Mrs Adams’ sister Kristina Burford locked eyes with a sickly and frail Adams in the dock as she read her victim impact statement.
“The pain of not knowing has been immense,” she said.
“I have sat here in court and listened to Colleen being described as an unstable person so you, Geoffrey Adams, would look like the victim. Colleen was the victim here.
“I feel nothing but hate and contempt for you and your lies and deceit for how you treated my family.
“I will never forgive you for killing my sister.”
Heather Johncock, Mrs Adams sister, said that she never believed her sister would walk out on her children.

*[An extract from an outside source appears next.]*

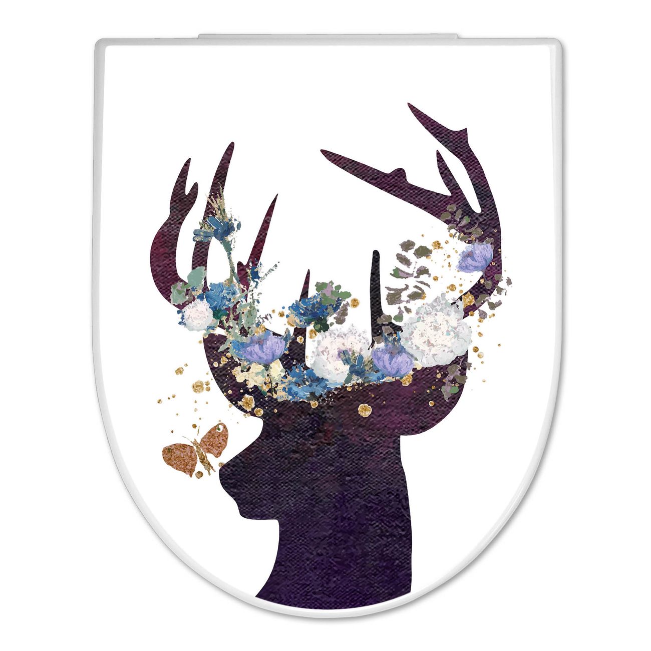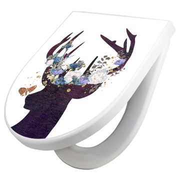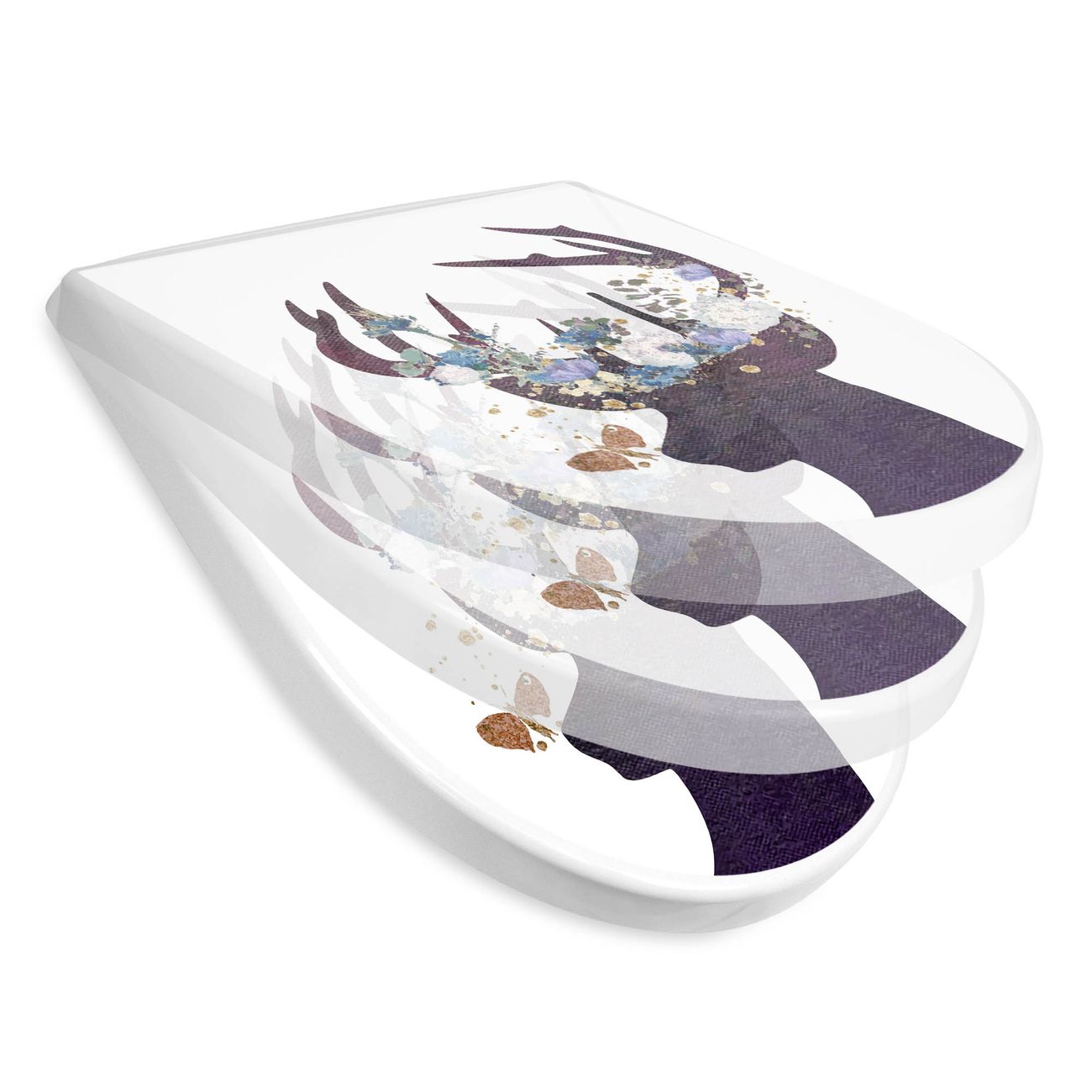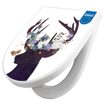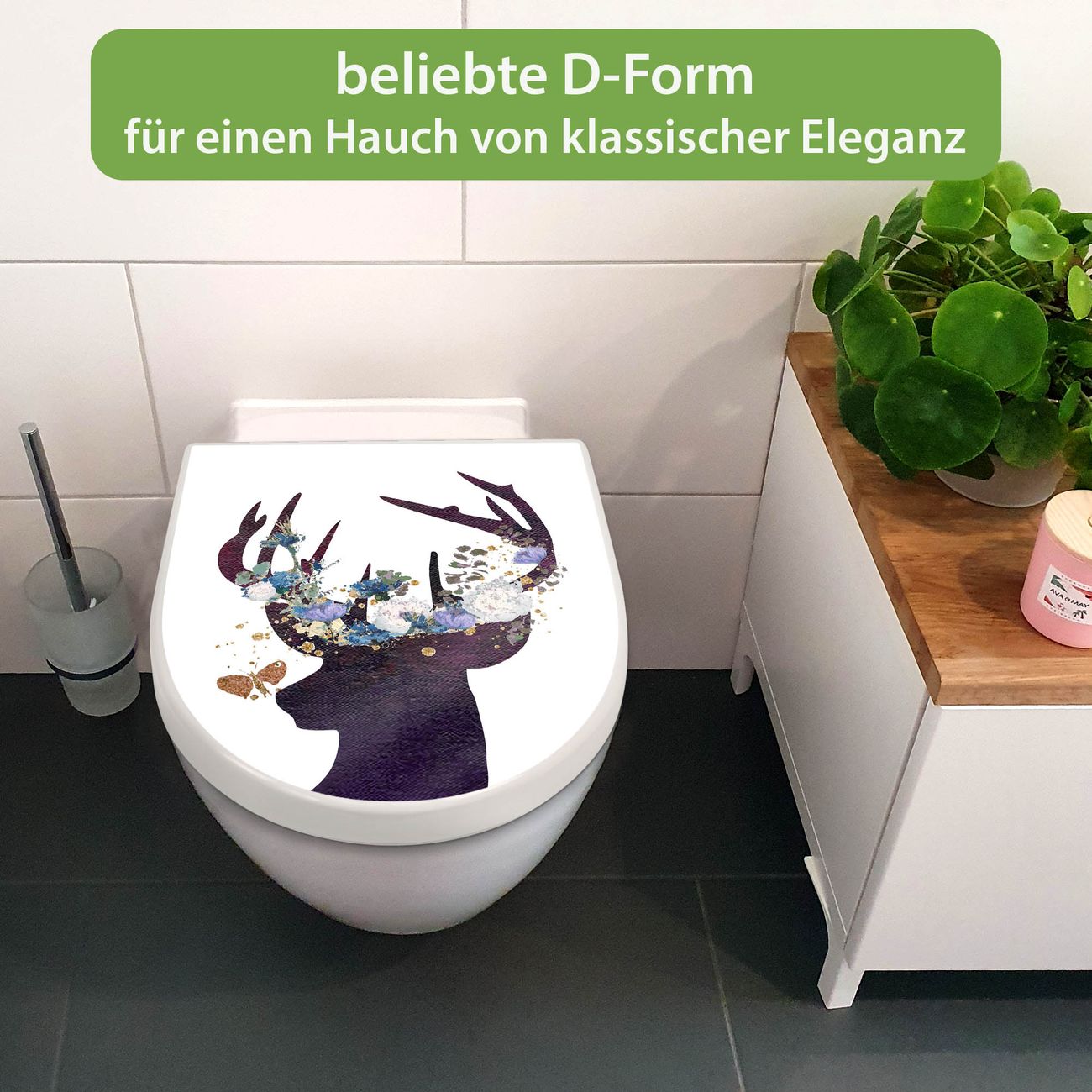 WC Sitz mit Absenkautomatik D Form Motiv Hirsch Blumengeweih

“I had the job of explaining to Colleen’s daughters was she was really like and why she would never have left them and what I thought really happened to her,” she said.
“This caused me a lot of hurt and pain to hear the lies that you told them.
“With all the hurt you have placed on me I have never once lied to your daughters.
“What you did you Colleen is unforgivable and has caused me untold pain for the last 47 years.”
Shortly before he was to be sentenced for manslaughter, Adams was diagnosed with an aggressive form of brain cancer.
Within days of the court placing sentencing on a permanent hiatus, Adams died in Yatala Labor Prison.
ZOE FEN
She endured the most physically painful and traumatic experience of her life when she was stabbed and suffered a life-threatening lung puncture, but teenager Zoe Fenn quickly forgave her attacker.
Her best friend and classmate, Amber Brea Rover, had walked up behind her and plunged a long-blade kitchen knife into her back during an afternoon English lesson at Renmark High School in July 2018.
In her victim impact statement, which she read aloud herself in the District Court a little over a year later, Ms Fenn said despite her painful injuries the bond she shared with Rover was “unbreakable”.
“Amber is still my best friend. That has not changed,” she said.
“The bond this tragic incident has given Amber and I is unbreakable.
“It’s a unique and lifelong friendship which we share that has not changed.”
Rover was found not guilty of a charge of aggravated causing serious harm with intent over the attack because she was deemed mentally incompetent at the time. The court heard that, at the time of the incident, Rover had undiagnosed schizophrenia.
“Those actions weren’t those of my best friend but it was an action of an illness that was unknown,” Ms Fenn said.
With maturity beyond her years, the then 18-year-old said the incident had caused her to change her perspective on life.
“If I could I wouldn’t change anything as Amber has had the chance to get the help she needs and I have grown up so much from this experience,” she said.
“This whole experience has helped me in a weird way to think differently about life.”
After a later hearing, Ms Fenn spoke briefly outside court, describing Rover as an “amazing person”.
“It’s just been about support and forgiveness and just putting yourself out of the situation and seeing how they feel,” she said.
“It’s been hard but I wouldn’t change a thing.”
Judge Jo-Anne Deuter set a limiting term – a period in mental health detention equivalent to a jail term for an offender found mentally incompetent – of five and a half years during a sentencing hearing for Rover in August 2019. Taking into account time already spent in custody, the limiting term was reduced to four years and five months.
During those remarks, Judge Deuter said Ms Fenn’s forgiveness and support of Rover “says a great deal about a strong friendship”.